Give back exactly the stretch of data below from the line holding "In Orange County, Step" through the line holding "A medical worker", both ends included, and leave the remaining lines out.

• _THE DATA_:
*** Begin section ***
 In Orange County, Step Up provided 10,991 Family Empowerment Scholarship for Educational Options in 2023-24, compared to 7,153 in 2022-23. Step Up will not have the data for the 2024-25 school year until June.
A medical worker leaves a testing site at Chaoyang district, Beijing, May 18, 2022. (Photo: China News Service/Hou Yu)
*** End section ***
*** Begin section ***
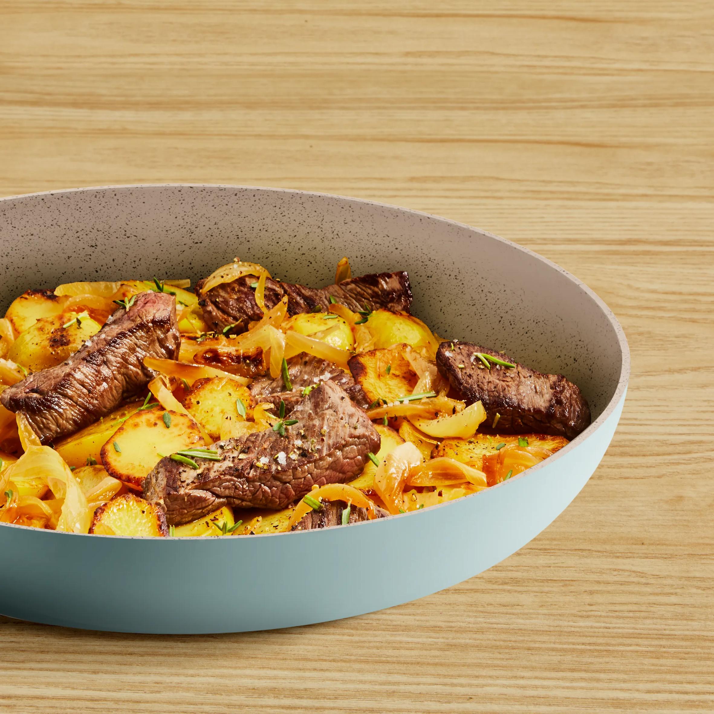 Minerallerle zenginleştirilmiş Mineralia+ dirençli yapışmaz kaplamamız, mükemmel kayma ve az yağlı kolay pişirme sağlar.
*** End section ***
• _FINISHED TASK_:
 In Orange County, Step Up provided 10,991 Family Empowerment Scholarship for Educational Options in 2023-24, compared to 7,153 in 2022-23. Step Up will not have the data for the 2024-25 school year until June.
A medical worker leaves a testing site at Chaoyang district, Beijing, May 18, 2022. (Photo: China News Service/Hou Yu)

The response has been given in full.